Corpora: Robert De Beaugrande, Chomsky, and corpus linguistics

From: ramesh@clg.bham.ac.uk
Date: Thu Apr 26 2001 - 15:56:09 MET DST

  • Next message: Tadeusz Piotrowski: "Corpora: lexicography software"

    I completely agree with Robert de Beaugrande's paragraph 65:
    "65. As a corpus gets larger, it does not simply show us the same data
    multiplied out, eg., each item being ten times as frequent in a corpus
    ten times as large. Instead, the larger corpus both turns up fresh data
    that did not appear at all in the smaller ones and displays the previous
    data in steadily finer delicacy for the range and frequency of the
    combinations. Hosts of regularities emerge that escaped notice in smaller
    data sets, and would elude unguided intuition and introspection. [...]
    Instead of coverage, convergence, and consensus decreasing when natural
    language data get rewritten into a formal notation, they are now increasing
    when data get treated in their naturally occurring formats."

    I only partly agree with paragraph 66:
    "66. Conversely, the corpus highlights the improbable and unnatural
    quality of invented data like 'John is eager to please'. Typical contexts
    of real discourse call for less simple-minded and peremptory utterances.
    For example, all three instances of 'eager to please' in the Bank of
    English have a Direct Object Target and a more interesting Subject Agent
    than the legendary 'John'. eg., the 'government' keen to 'please' powerful
    forces such as 'wealth' and 'the Church'
    [18] <a government offical who is eager to please the wealth goddess>
    [19] <the Sandinstas. The government is eager to please the church>"

    The general point "the corpus highlights the improbable and unnatural
    quality of invented data" is certainly valid. I have found many invented
    examples in dictionaries, other language reference books, and linguistics
    textbooks which simply are not reflected in corpus data (to quote just a
    couple of examples:
    "Don't hold the gun by the business end" in an EFL dictionary,
    only one example of "by the business end" in the Bank of English 418
    million word corpus:
     You know, the sort produced by the business end of cows.
    Out of 151 examples for "the business end", 45 are for "at the business
    end", of which 32 are for "at the business end of"; 14 examples of
    "on the business end" of which 13 are for "on the business end of";
    10 for "with the business end" of which 9 are "with the business end of";
    etc. The point is, 102 of 151 examples are in a prepositional phrase,
    so the *colligation* PREP+the+business+end is well-attested, but
    *not the collocation* with the lexical item "by" representing the
    class PREP. More importantly, 115 of the 151 examples are followed
    by "of", which is absent in the dictionary example. So the following
    colligation has escaped notice, using intuition alone.

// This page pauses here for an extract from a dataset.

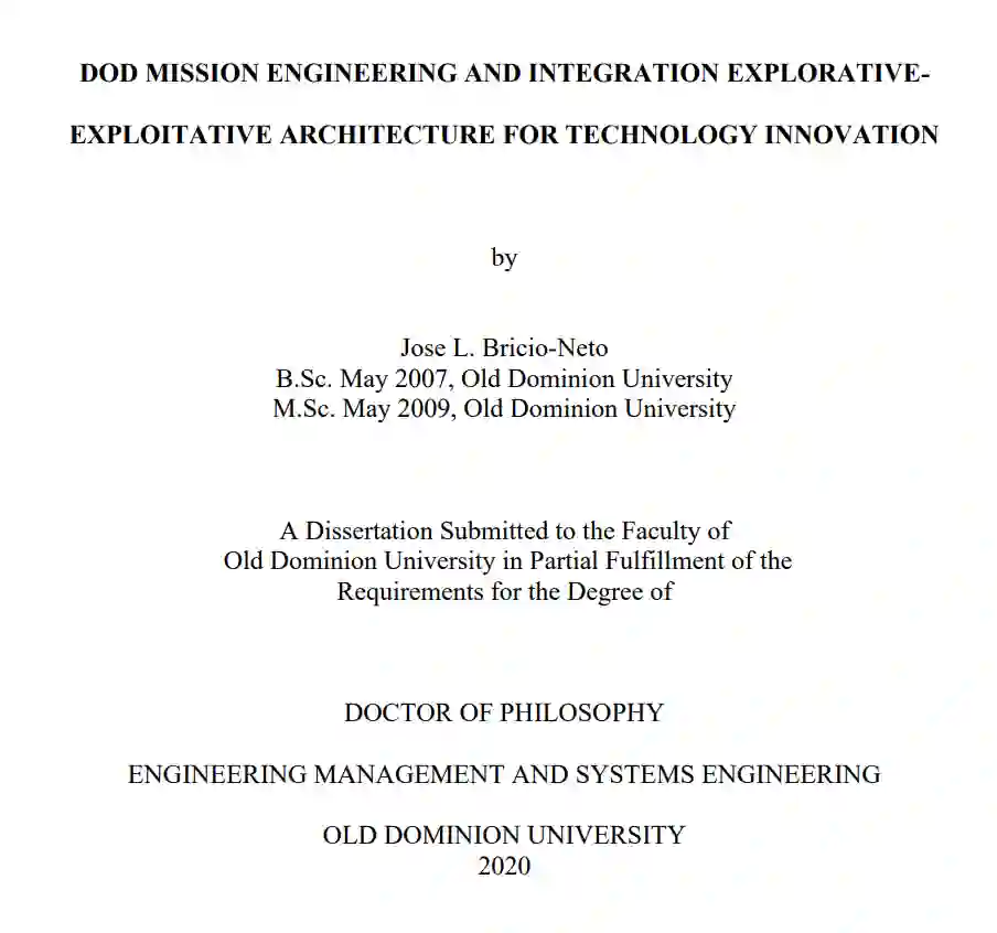任务工程探索-开发创新架构扩展了 Bennan 和 Tushman(2003 年)以及 O'Reilly 和 Tushman(1996 年)的探索-开发理论,从流程管理、创新行为以及私营企业在环境技术变革背景下的绩效等方面进行了阐述。基于系统理论框架的定性内容分析对创新和国防部数据集进行了分析,并产生了一组初始种子类别。对这些种子类别进行解释后,产生了架构观点和相关命题。由此产生的架构贡献是在军事任务和复杂情况下对任务工程和集成管理功能的命题定义,包括识别社会-技术错位的构造,作为理解和识别技术创新机会及相关伙伴关系的基础。
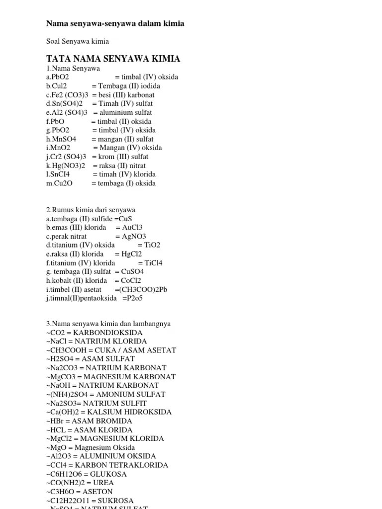 Snso4 = timah (ii) sulfat . • rumus kimia adalah gabungan dari dua unsur atau lebih yang sama . Tata nama senyawa kimia adalah rangkaian aturan penamaan senyawa yang dibuat secara sistematis. 2) daya hantar listrik senyawa ionik yang dinaksud dengan ikatan ionik. Gambar 4.23 tampilan tata nama senyawa biloks.

    Of course, another problem with "Don't hold the gun by the business end"
    is its limited contextualizability: how many of us would ever utter such
    a sentence (a parent to a child in a lax-gun-law state, a training officer
    in a police academy/the army?) and wouldn't we be more emphatic (e.g.
    Don't *ever* hold the gun by the business end)?

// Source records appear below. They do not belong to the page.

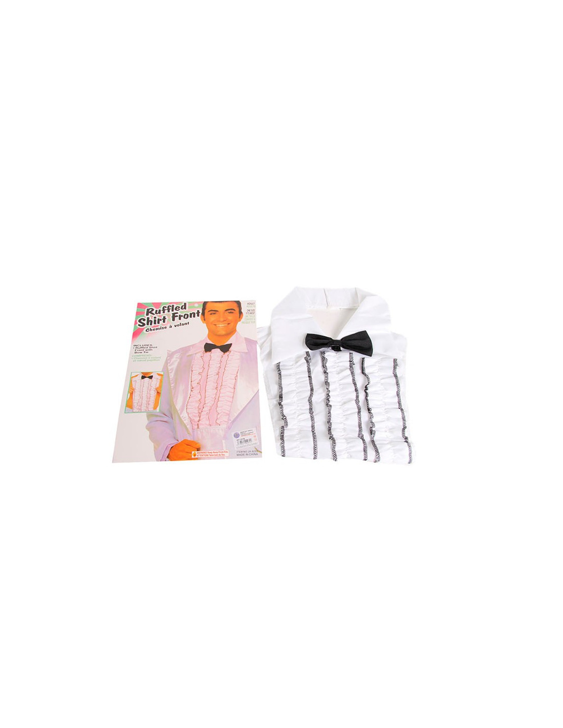 Pechero de camisa con volantes verticales, cuello y pajarita negra.
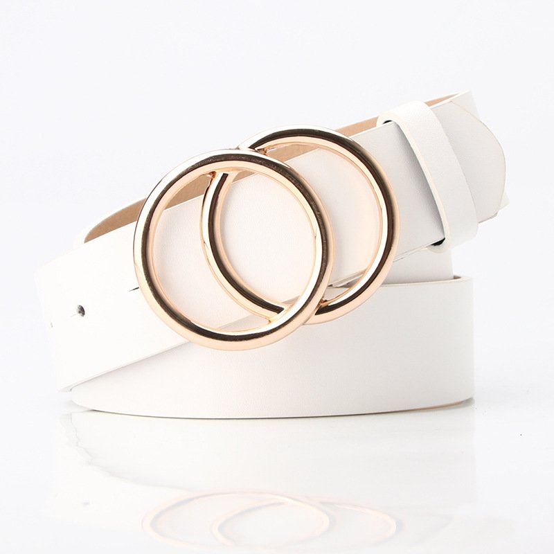 Simple Alloy Round Button Double Ring Belt
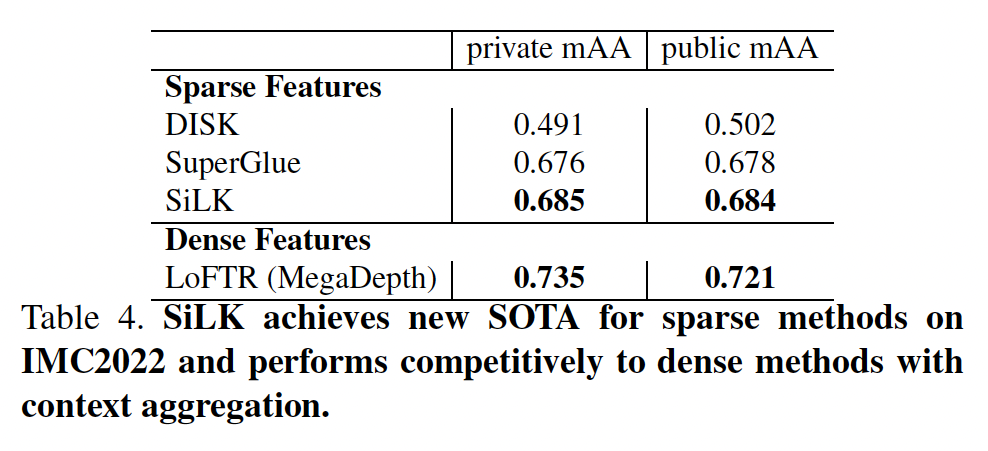 以下结果是使用我们的 VGG-4 主干网络计算得出的(表 2、3、6 使用检查点 pvgg-4.ckpt,表 4、5 使用 coco-rgb-aug)。为了复现 IMC2022 的结果,我们还提供了 Kaggle 笔记本。

    "The plane overshot the runway" is another dictionary example, but
    in such a truncated form, it omits the fatal real-world consequences...
    "The arrow/missile overshot the target" rightly introduces the
    collocate "target", but most modern corpus examples are for governments
    and other organizations overshooting *financial targets*...)

    Unfortunately, Robert de Beaugrande's Chomskyan example "John is eager
    to please" is in fact well attested in the current Bank of English corpus,
    which actually adds even more substance to his point in paragraph 65
    about larger corpora. He was evidently using a much earlier - and smaller -
    version of the Bank of English, if it only had 3 examples of "eager to
    please". I have just checked in the 418 million word Bank of English,
    and there are 168 examples of "eager to please". 115 of the 168 are
    for the predicative use ("X is eager to please") or appositional use
    ("X, eager to please, is/does something", or sometimes sentence-initial,
    "Eager to please, X is/does something"). On a more delicate level (again
    supporting R de B's para 65), proper names (like "John") are much rarer
    than personal pronouns, and the phrase is often part of a list of
    attributes, e.g. "All were friendly, helpful and eager to please.",
    many examples have adverbial modifiers, e.g. desperately eager to please,
    touchingly eager to please, or just simple grading adverbs like "so, very,
    too"). Another 23 of the 168 examples are for attributive use
    ("the/an eager-to-please X"),
    describing people, their face/expression/behaviour/attitude, etc,
    object not mentioned,
    usually hyphenated. Only 31 out of 168 examples specify the object,
    i.e. who the people are trying to please, in examples such as
    "HE was eager to please manager Vialli" or
    "a candidate eager to please all sides".
    The evidence therefore suggests that "eager to please" is becoming
    a fixed phrase, and the direct object of the verb "please" is not
    usually mentioned (although in some contexts it may be implied,
    or picked up in a looser contextual relationship in a subsequent
    sentence). When the object is specified, the phrase seems to lose
    its feeling of fixity (an illustration of the ability of speakers
    to oscillate between the "idiom principle" and "open choice principle"
    as outlined by John Sinclair some years ago).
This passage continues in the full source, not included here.